►

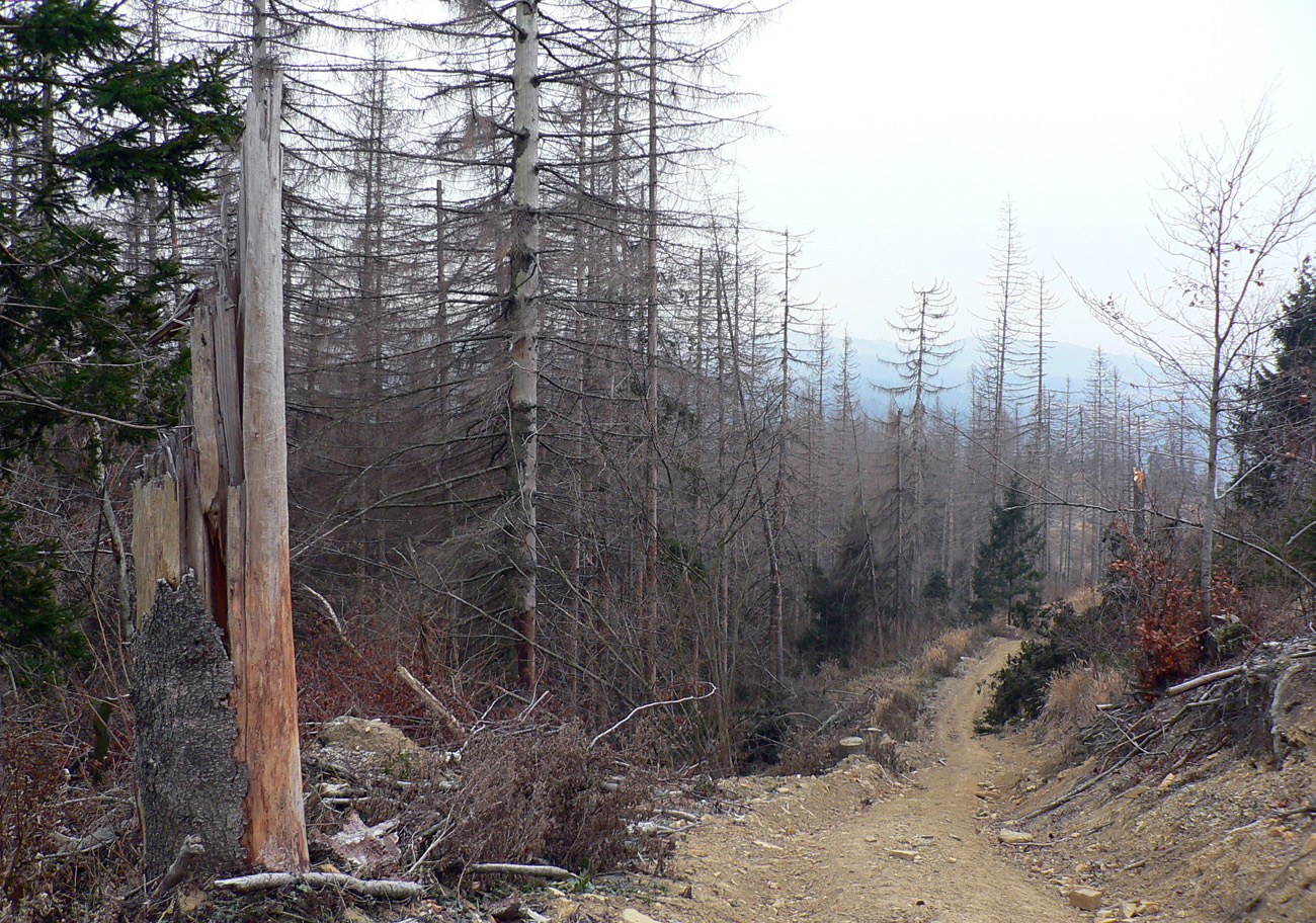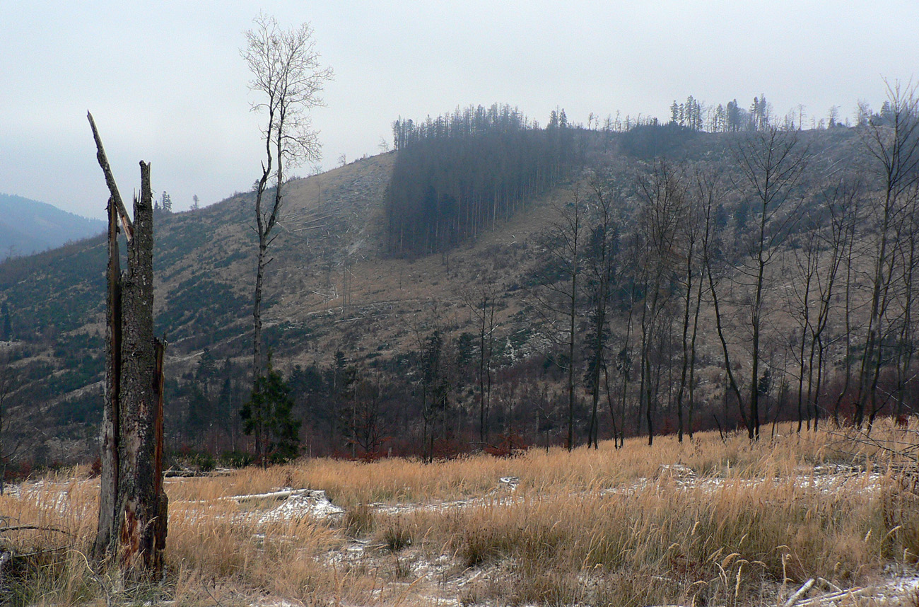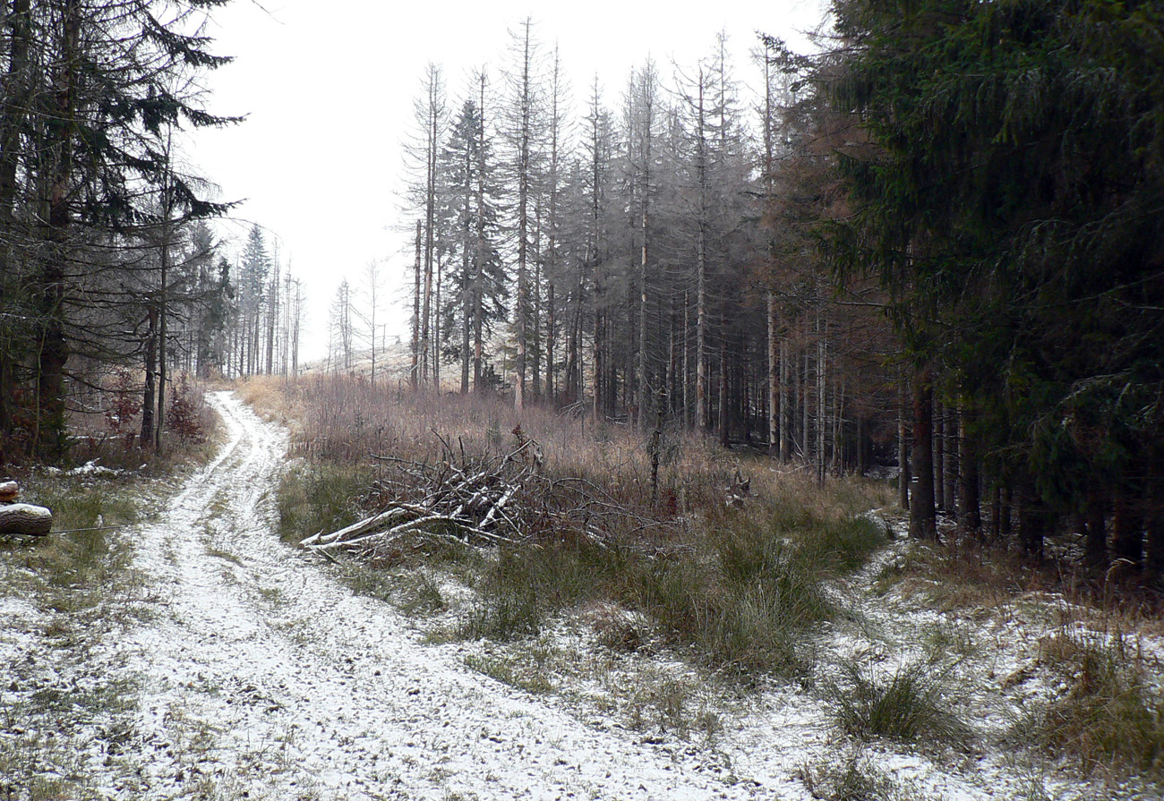Na turistickej mape to síce vyzerá dobre, ale len tesne pred odchodom z domu som sa pozrel aj na mapu leteckú. A to som nemal robiť... No, ale aspoň som bol pripravený na realitu. Lebo šedivé nebolo len počasie prichádzajúceho frontu a klesajúcej oblačnosti. Šedivý dojem z väčšiny tých približne 30 kilometrov zanechali vo mne najmä rozmlátené lesné cesty, vybrakované a miestami vyschnuté lesy, zvuky motorových píl z každej strany.
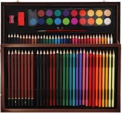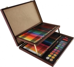 Kreativni umetniški set je popolna rešitev za vse, ki imajo radi ustvarjanje. Zaradi praktičnega lesenega ohišja so vsi pripomočki pregledno organizirani in vedno pripravljeni za uporabo.
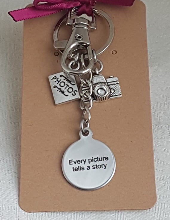 The small laser engraved tag says Every picture tells a story and is accompanied by a camera charm and a tag that says photos.
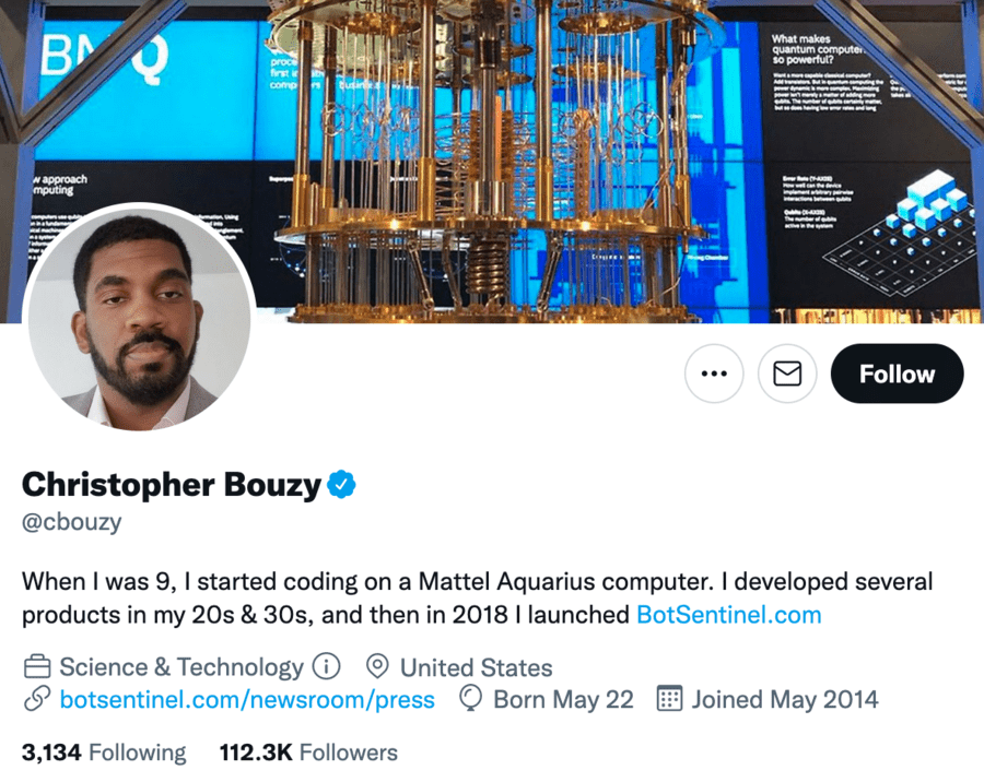 Example Troll – @cbouzy (Christopher Bouzy, BotSentinel)
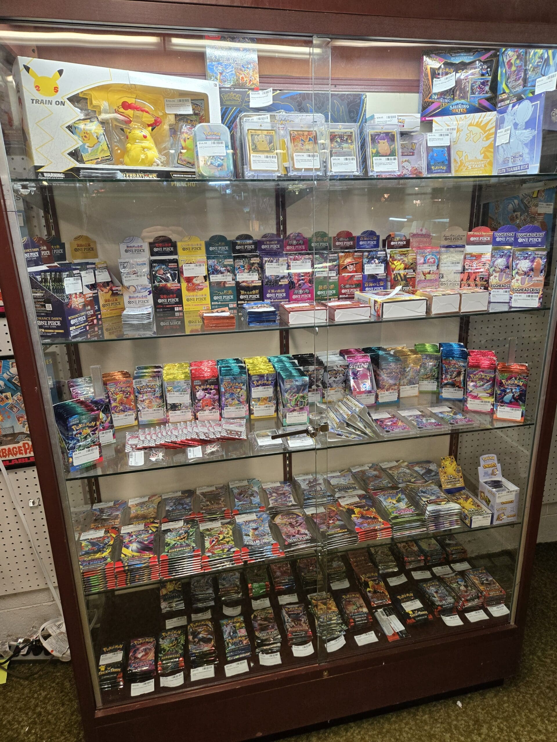 A trading card event brings out the serious collectors: Pokemon booster packs, Elite Trainer Boxes, graded card slabs, a 25th Anniversary Pikachu figure box, and One Piece TCG sets including Romance Dawn and Egghead Crisis.
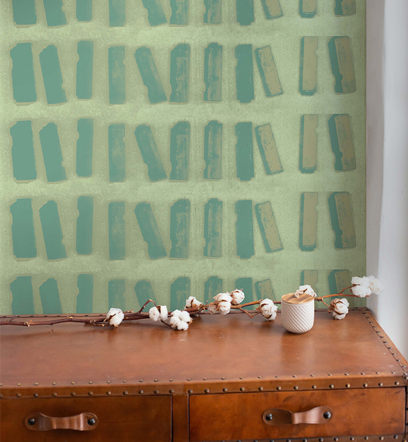 The drawings of this wallpaper originate from cyanotype printed pictures taken during an artistic period in Berlin. By portraying the small letters that were once used in typography, the designer has invented a visual language in code to connect and communicate with the world around her. Transformed into wallpaper, enriched with a background and colours, it becomes a language of aesthetics with multiple meanings.
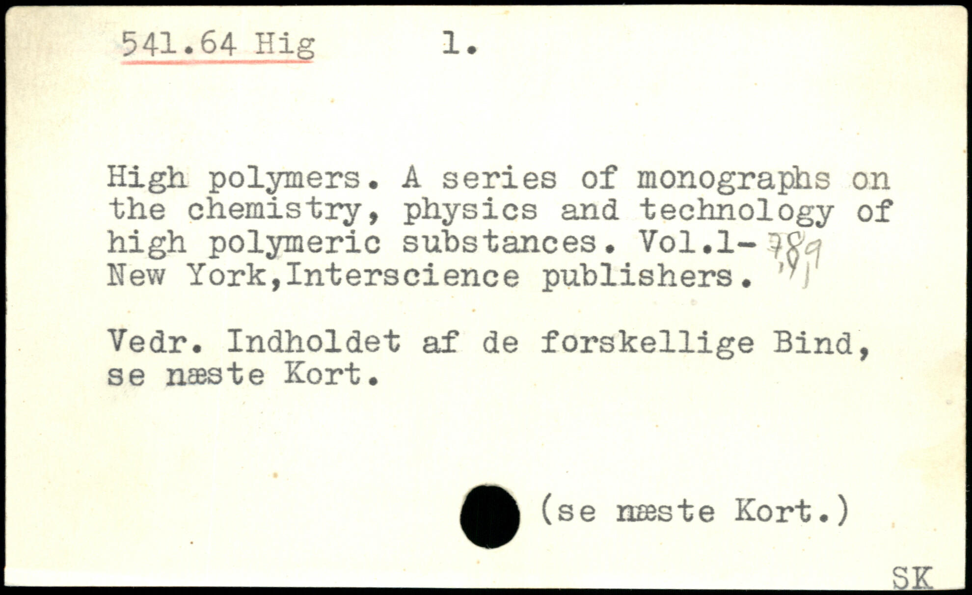 High polymers. A series of monographs on the chemistry, physics and technology of high polymeric substances. Vol.l-New York,Interscience publishers, '"j Vedr. Indholdet af de forskellige Bind, se næste Kort.
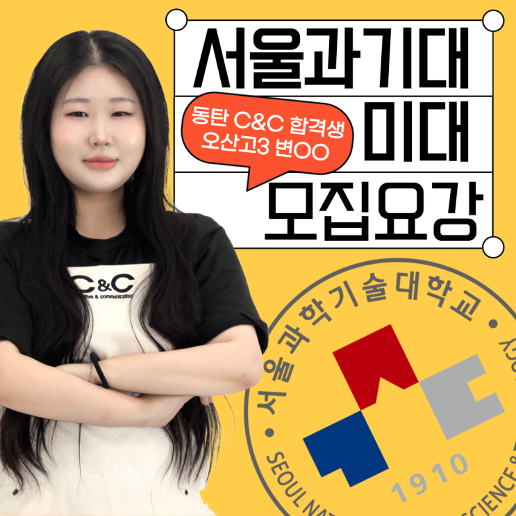 안녕하세요 동탄입시미술학원 친구들, 오산 미술학원 친구들! 수많은 친구들의 워너비 서울과학기술대학교 미대 수시/정시 모집요강 계획안 정보를 가지고 왔습니다~! 동탄입시미술학원 , 오산,수원미술학원 친구들의 가장 많은 관심을 가지고 있는 서울과학기술대학교 미대 2027 수시정시 요강 보면서 미래 준비를 차근차근 함께 준비 해보아요~!! 서울과학기술대학교는 산업디자인전공 시각디자인전공 도예학과 금속공예디자인학과 조형예술학과 로 이루어져 있습니다! *밑줄친 과들은 기초디자인을 기본으로 실기 시험을 치르고, 조형예술학과는 인물과 정물이 있는 상황표현으로 실기를 치루고 있는점 확인해주세요! 2027 서울과학기술대학교....... <img src="https://blogthumb.pstatic.net/MjAyNjAxMjJfMjA3/MDAxNzY5MDgyOTc2NDU0.gOslBIYmN8D8Ne8WPlxpCRkETzo-MJt3y4_cxVkoKU0g.8tY9jJsUZL0rDRIaTBCb4eFLJVC7WcwsuzemeBuEzjEg.PNG/%BC%AD%BF%EF%B0%FA%B1%E2%B4%EB_%B5%BF%C5%BA%C7%D5%B0%DD%BB%FD_%BF%C0%BB%EA%B0%ED3.png?type=s3" />
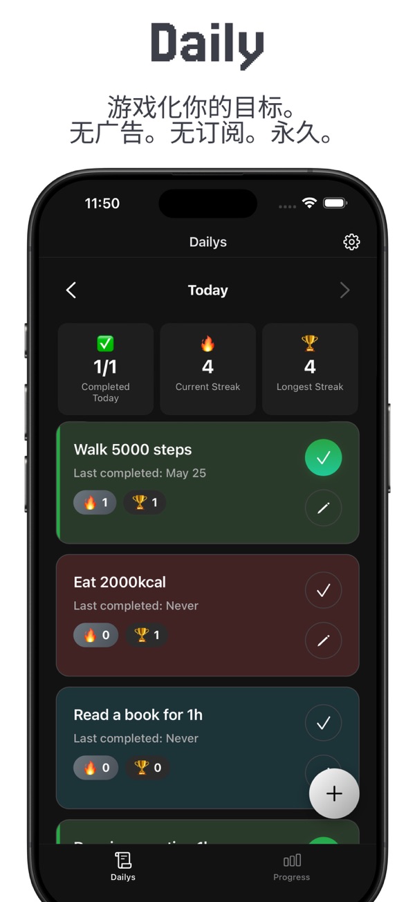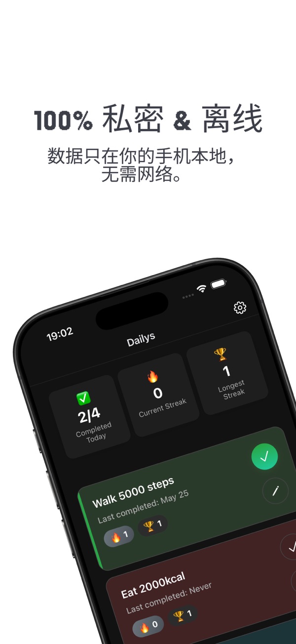 Daily让生活如每日升级。它能将每日目标变成有趣任务,可自定义每日任务,用独特名称和颜色定制目标,还能追踪连续记录保持动力。数据100%私密且离线使用,存储在iPhone上,无广告、无订阅,一次性购买永久拥有。其简洁设计的精美直观界面,助你专注于目标。Terms apply: https://www.apple.com/legal/internet-services/itunes/dev/stdeula/
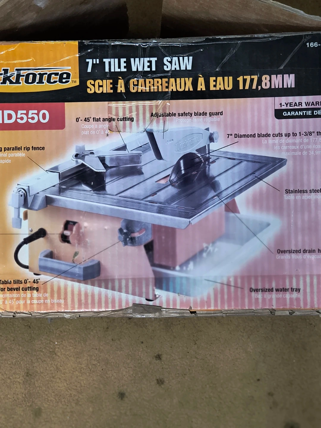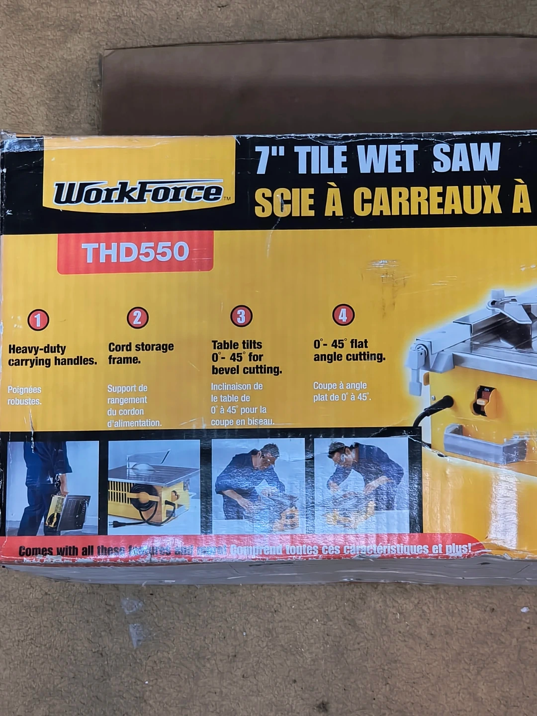 Workforce THD550 7" tile wet saw for 0-45 degree bevel cutting. Features heavy-duty carrying handles and cord storage. Table tilts 0-45 degrees for bevel cuts and 0-45 degree flat angle cutting.
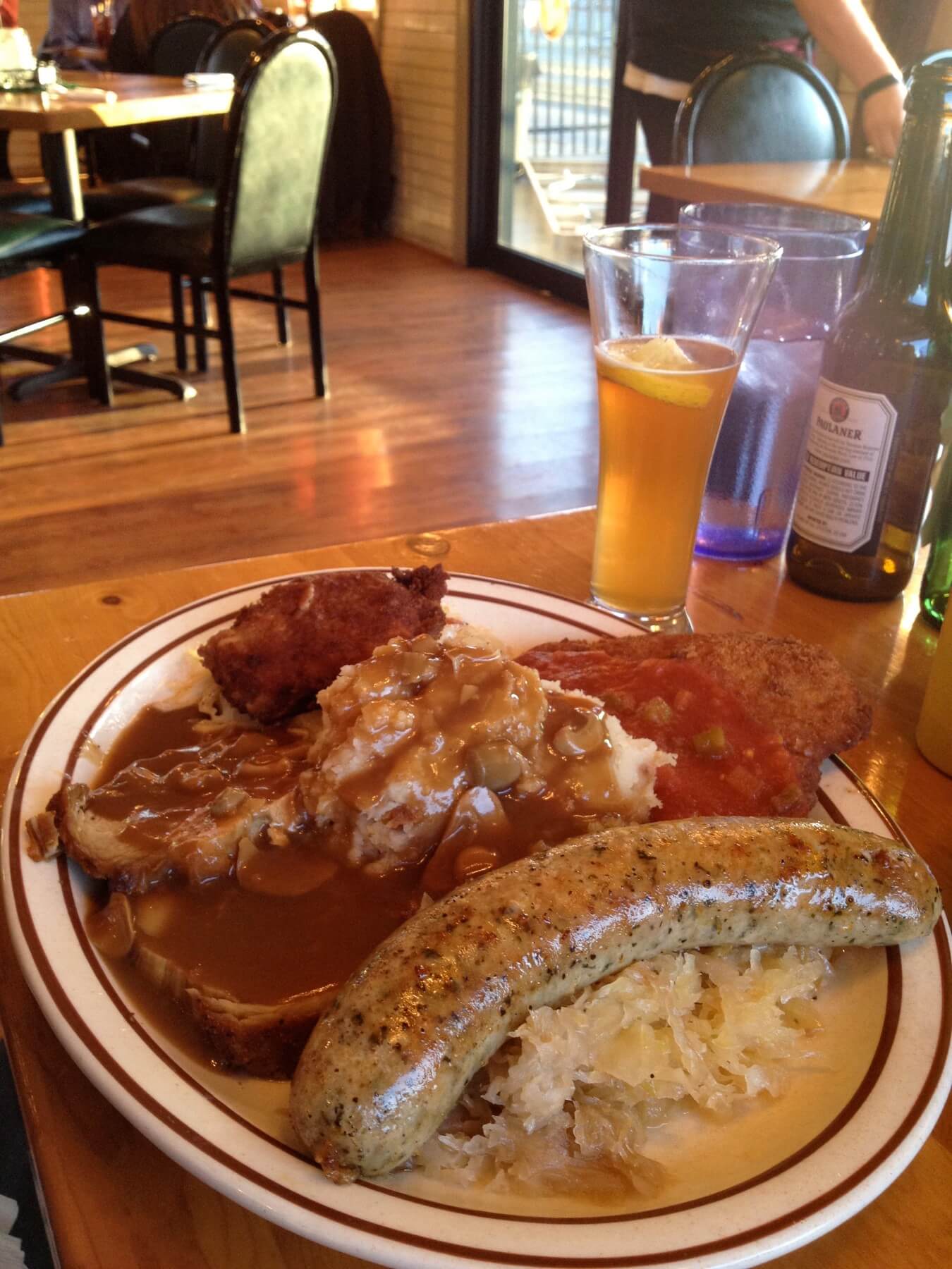 The Tour of Germany ($19) was breathtaking to behold. The house-made bratwurst, coarsely ground with herbs and caraway seeds, came perfectly browned on the outside. So flavorful it was, that I preferred it without the spicy horseradish mustard. The pork schnitzel was nicely tenderized, and the breading wasn’t too thick. Topped with a Zigeuner sauce of sharp green bell peppers and tomato paste, it was another highlight of the meal. A breaded pork cutlet, pork roast with mushroom gravy, mashed potatoes, creamy Bavarian cabbage, and a load of sauerkraut rounded out the plate. If you don’t have a love affair with pork, they also serve a vegetable-stuffed cabbage entrée, among other vegetarian dishes.
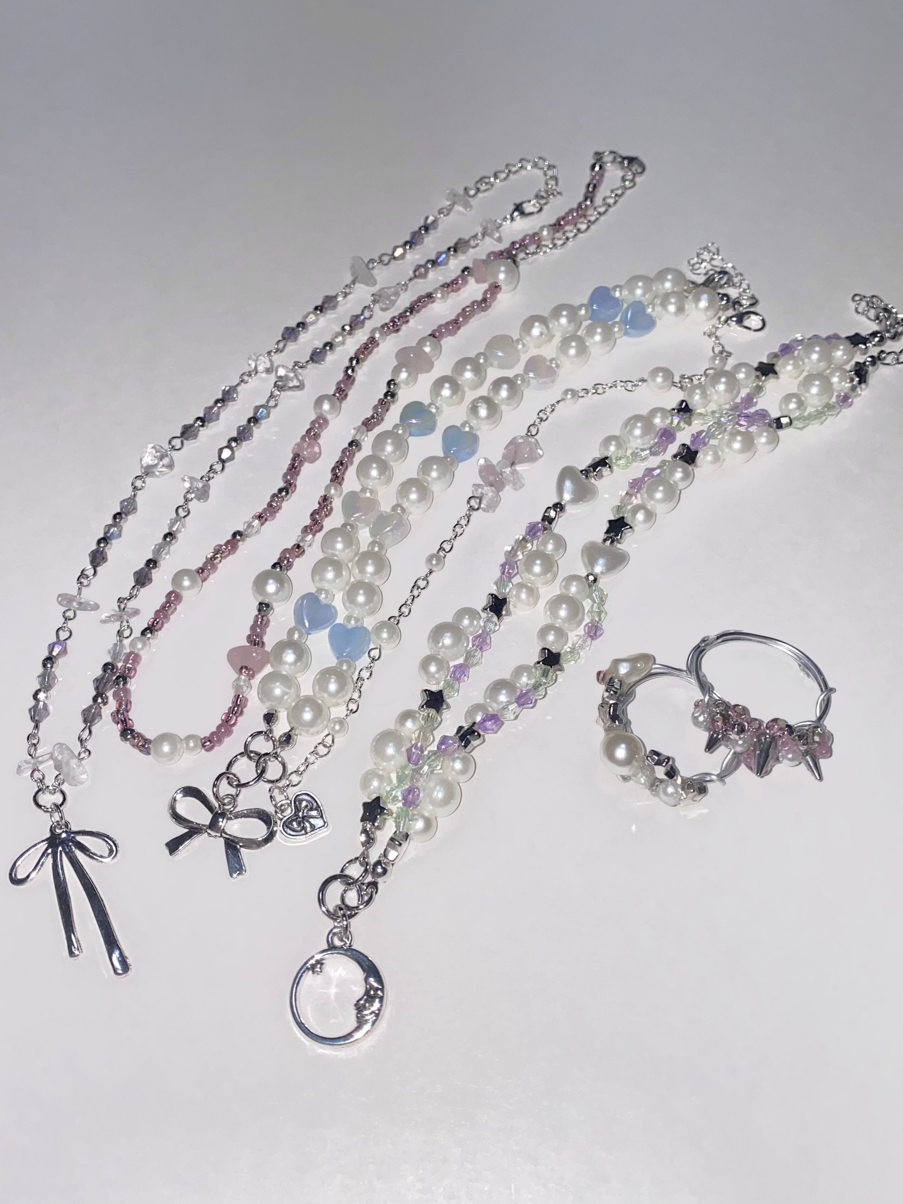 透明感のあるビーズが大人っぽく素敵なネックレスです。

◄

▶ [Activity]: No pictures belong in the answer, only the lines from the top of the listing through the line containing "High polymers. A", repeated word for word.

▶ [Answer]:
Na turistickej mape to síce vyzerá dobre, ale len tesne pred odchodom z domu som sa pozrel aj na mapu leteckú. A to som nemal robiť... No, ale aspoň som bol pripravený na realitu. Lebo šedivé nebolo len počasie prichádzajúceho frontu a klesajúcej oblačnosti. Šedivý dojem z väčšiny tých približne 30 kilometrov zanechali vo mne najmä rozmlátené lesné cesty, vybrakované a miestami vyschnuté lesy, zvuky motorových píl z každej strany.
 Kreativni umetniški set je popolna rešitev za vse, ki imajo radi ustvarjanje. Zaradi praktičnega lesenega ohišja so vsi pripomočki pregledno organizirani in vedno pripravljeni za uporabo.
 The small laser engraved tag says Every picture tells a story and is accompanied by a camera charm and a tag that says photos.
 Example Troll – @cbouzy (Christopher Bouzy, BotSentinel)
 A trading card event brings out the serious collectors: Pokemon booster packs, Elite Trainer Boxes, graded card slabs, a 25th Anniversary Pikachu figure box, and One Piece TCG sets including Romance Dawn and Egghead Crisis.
 The drawings of this wallpaper originate from cyanotype printed pictures taken during an artistic period in Berlin. By portraying the small letters that were once used in typography, the designer has invented a visual language in code to connect and communicate with the world around her. Transformed into wallpaper, enriched with a background and colours, it becomes a language of aesthetics with multiple meanings.
 High polymers. A series of monographs on the chemistry, physics and technology of high polymeric substances. Vol.l-New York,Interscience publishers, '"j Vedr. Indholdet af de forskellige Bind, se næste Kort.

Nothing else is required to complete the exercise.